Б. вошла, как порыв ветра, и закричала:
— Сумасшедший! Быстро в постель! Ну нет же… — заикаясь, плача.
Словно рыдающий ребенок, которому внезапно захотелось смеяться, но вместе с тем нужно еще хоть немножечко пострадать, а уже не получается… я одернул край своей рубашонки, я лихорадочно дрожал, и, невольно смеясь, я не мог помешать ему приподняться… Б. набросилась на меня с рассерженным видом, но я видел, что она сама смеялась в этой своей ярости…
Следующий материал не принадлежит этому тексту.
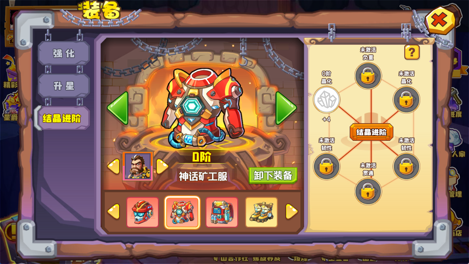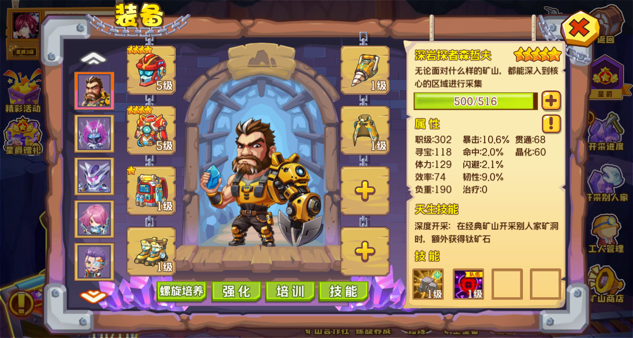 3、选择矿工,穿戴好传说矿工装备;
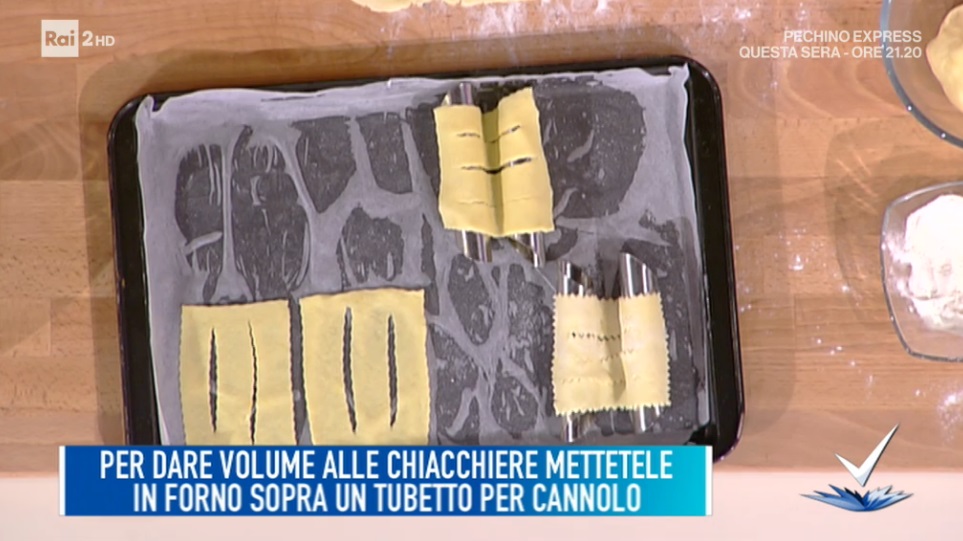 Stendiamo l’impasto con una sfogliatrice per pasta all’uovo (la nonna papera). Dobbiamo ottenere una sfoglia sottile. Luca consiglia di piegare la sfoglia su se stessa due o tre volte quando la stendiamo con la macchinetta. Ricaviamo le chiacchiere con una rotella seghettata. Pratichiamo delle incisioni sulle chiacchiere e le disponiamo su una teglia con carta forno. Per dare movimento, possiamo appoggiarle su canne per cannoli imburrate. Cuociamo in forno caldo e statico a 180° per 10 minuti.

Ей пришлось (я сам ее попросил, не в силах больше ждать) оставить меня на минуту одного (для нее самой было не так неудобно посмущаться без меня, пройтись на минуту по пустоте коридоров). Я подумал о свинских привычках любовников, мои силы были на пределе, но мне было весело, меня нервировало и забавляло, что все детали данной операции требуют бесконечного количества времени. Я должен был на несколько минут отложить свою жажду узнать. Расслабленно забывшись, я неподвижно лежал в постели, и вопрос «что случилось?» звучал весело, как пощечина.
Я цеплялся за последнюю возможность тревоги.
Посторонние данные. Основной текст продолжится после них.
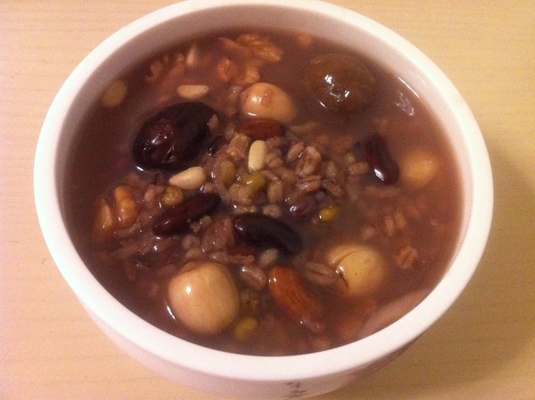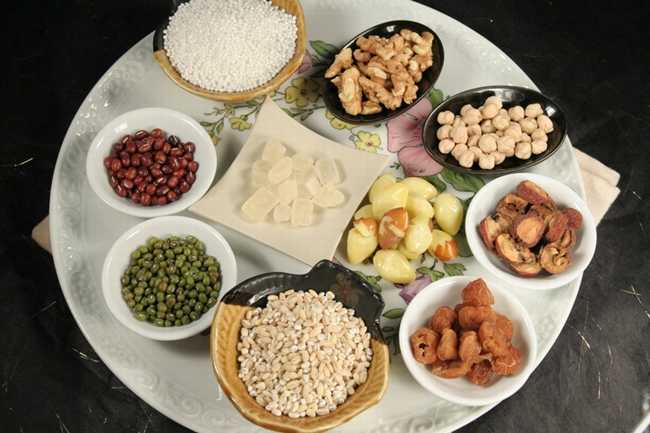 将糯米、红豆、枣子、栗子、花生、白果、莲子、百合煮成甜粥。有些女性也喜欢在其中加入桂圆、龙眼肉、蜜饯等各

Б. робко спрашивала меня: «Тебе лучше?»; я отвечал вопросом: «Где я?», сам поддаваясь той застывшей панике, которую выражают расширившиеся зрачки.
— Дома, — ответила она. — Да, — продолжала она. — В замке.
— А… твой отец?
— Об этом не беспокойся.
У нее был вид виноватого ребенка.
— Он умер, — через мгновение сказала она.
Она быстро роняла слова, низко опустив голову…
(Мне стала ясной та телефонная сцена. Впоследствии я узнал, что своими криками и плачем: «Умоляю вас, мадам», — я смешил десятилетнюю девочку.)
Решительно, у Б. были какие-то бегающие глаза.
— Он здесь?.. — спросил я еще.
— Да.
Она посмотрела на меня украдкой.
Наши глаза встретились: в уголках ее глаз затаилась улыбка.
— Как меня нашли?
Б. показалась мне совсем растерянной. Само отчаяние произносило вместо нее:
— Я спросила у его преподобия: «Что это за холмик в снегу?»
Надломанным больным голосом я спросил снова:
— В каком месте?
— На дороге, рядом с поворотом к замку.
— Вы меня несли?
— Преподобный отец и я.
— Что вы делали с преподобным отцом?
— Хватит нервничать: ты должен теперь дать мне договорить, больше не перебивай меня… Мы вышли из дома около десяти часов. Сначала мы с А. поужинали (мама не пожелала ужинать). Я старалась изо всех сил, но нам было очень трудно уходить. Кто знал, что ты до такой степени потеряешь голову?
Она положила руку мне на лоб. Рука была левая (в этот момент, мне показалось, что все пошло вкривь и вкось, — правая висела на перевязи). Она заговорила снова, но рука ее дрожала.
— Мы опоздали совсем чуть-чуть: если бы ты нас дождался…
Я слабо застонал:
— Я же не знал.
— В письме было сказано достаточно ясно…
Я удивился: оказалось, что письмо, переданное с доктором, должно было дойти до гостиницы еще до семи часов. А. извещал меня о смерти отца и предупреждал, что вернется поздно и что Б. будет его сопровождать.
Я тихо сказал Б.:
— Никто не приносил письма в отель (действительно, доктор выпил лишнего, чтобы согреться; он забыл письмо в кармане).
Б. взяла мою руку своей левой рукой, нескладно перекрещивая свои пальцы с моими.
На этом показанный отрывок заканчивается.